Profiling onnxruntime#

After the profiling comes the analyze. Here are two kinds. Both profiling are made on the following model.

<<<

import numpy as np
from onnx import TensorProto
from onnx.checker import check_model
from onnx.helper import (
    make_model,
    make_graph,
    make_node,
    make_opsetid,
    make_tensor_value_info,
)
from onnx.numpy_helper import from_array
from onnx_array_api.plotting.text_plot import onnx_simple_text_plot


def get_model():
    model_def0 = make_model(
        make_graph(
            [
                make_node("Add", ["X", "init1"], ["X1"]),
                make_node("Abs", ["X"], ["X2"]),
                make_node("Add", ["X", "init3"], ["inter"]),
                make_node("Mul", ["X1", "inter"], ["Xm"]),
                make_node("Sub", ["X2", "Xm"], ["final"]),
            ],
            "test",
            [make_tensor_value_info("X", TensorProto.FLOAT, [None])],
            [make_tensor_value_info("final", TensorProto.FLOAT, [None])],
            [
                from_array(np.array([1], dtype=np.float32), name="init1"),
                from_array(np.array([3], dtype=np.float32), name="init3"),
            ],
        ),
        opset_imports=[make_opsetid("", 18)],
    )
    check_model(model_def0)
    return model_def0


print(onnx_simple_text_plot(get_model()))

>>>

    opset: domain='' version=18
    input: name='X' type=dtype('float32') shape=['']
    init: name='init1' type=dtype('float32') shape=(1,) -- array([1.], dtype=float32)
    init: name='init3' type=dtype('float32') shape=(1,) -- array([3.], dtype=float32)
    Abs(X) -> X2
    Add(X, init1) -> X1
    Add(X, init3) -> inter
      Mul(X1, inter) -> Xm
      Sub(X2, Xm) -> final
    output: name='final' type=dtype('float32') shape=['']

Time per type of node#

Two graphs to show the time aggregated per kind of operator.
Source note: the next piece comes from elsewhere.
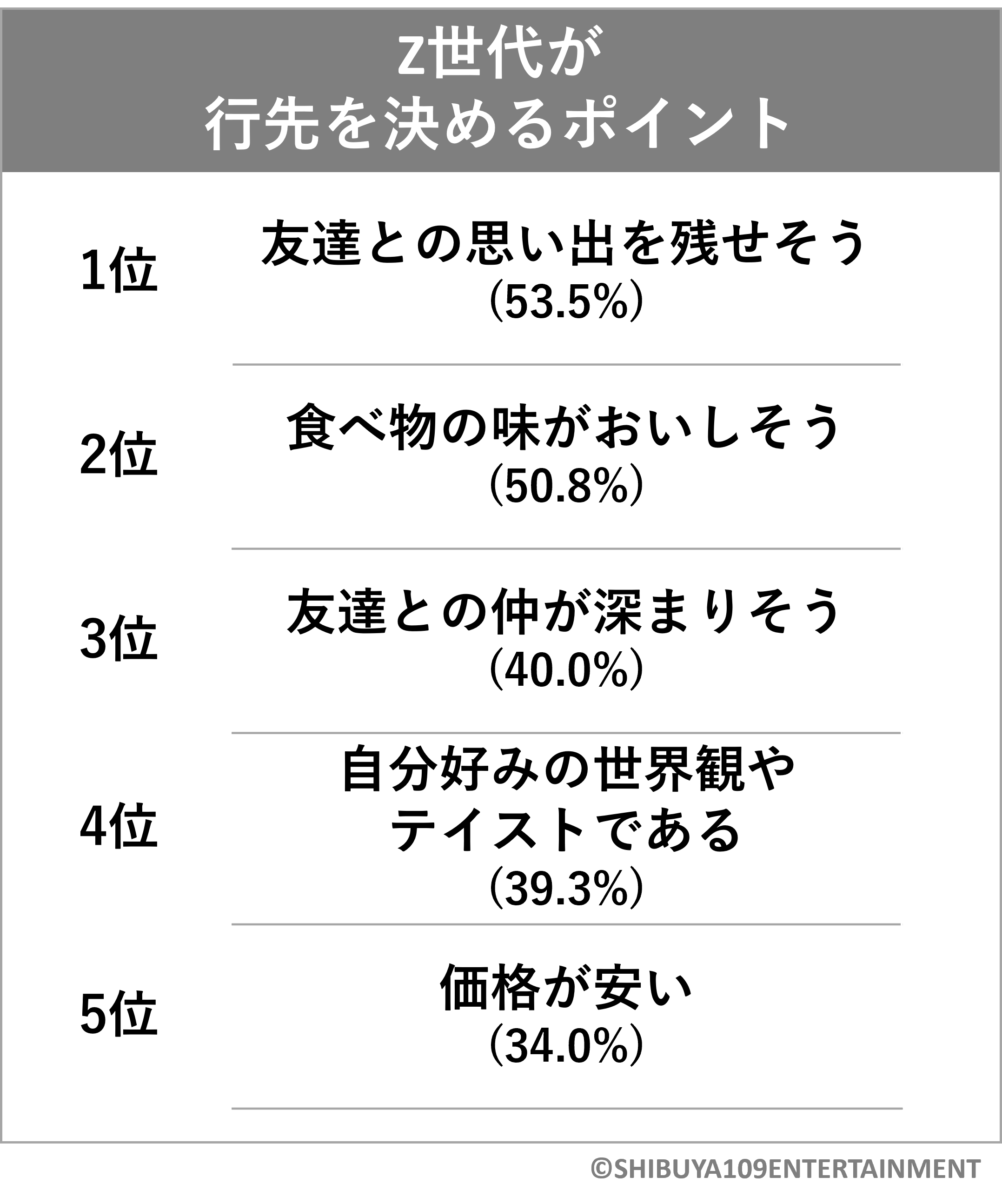 Z世代が旅行やおでかけなどの「体験」において重視しているのは「世界観」です。

The domain is not logged so two different operator sharing the same type name gut different domains are aggregated together. (Add, CPU, 1) means all operators Add running on CPU for the first run. (Add, CPU, 0) means the same for any other runs. The first run is usually longer as it completes some of the optimization based on the inputs a ndoe receives.

import numpy as np
from onnx import TensorProto
from onnx.checker import check_model
from onnx.helper import (
    make_model,
    make_graph,
    make_node,
    make_opsetid,
    make_tensor_value_info,
)
from onnx.numpy_helper import from_array
from onnxruntime import InferenceSession, SessionOptions
import matplotlib.pyplot as plt
from onnx_extended.tools.js_profile import (
    js_profile_to_dataframe,
    plot_ort_profile,
    _process_shape,
)

def get_model():
    model_def0 = make_model(
        make_graph(
            [
                make_node("Add", ["X", "init1"], ["X1"]),
                make_node("Abs", ["X"], ["X2"]),
                make_node("Add", ["X", "init3"], ["inter"]),
                make_node("Mul", ["X1", "inter"], ["Xm"]),
                make_node("Sub", ["X2", "Xm"], ["final"]),
            ],
            "test",
            [make_tensor_value_info("X", TensorProto.FLOAT, [None])],
            [make_tensor_value_info("final", TensorProto.FLOAT, [None])],
            [
                from_array(np.array([1], dtype=np.float32), name="init1"),
                from_array(np.array([3], dtype=np.float32), name="init3"),
            ],
        ),
        opset_imports=[make_opsetid("", 18)],
    )
    check_model(model_def0)
    return model_def0

sess_options = SessionOptions()
sess_options.enable_profiling = True
sess = InferenceSession(
    get_model().SerializeToString(),
    sess_options,
    providers=["CPUExecutionProvider"],
)
for _ in range(11):
    sess.run(None, dict(X=np.arange(10).astype(np.float32)))
prof = sess.end_profiling()

df = js_profile_to_dataframe(prof, first_it_out=True)
print(df.head())

fig, ax = plt.subplots(1, 2, figsize=(10, 5))
plot_ort_profile(df, ax[0], ax[1], "test_title")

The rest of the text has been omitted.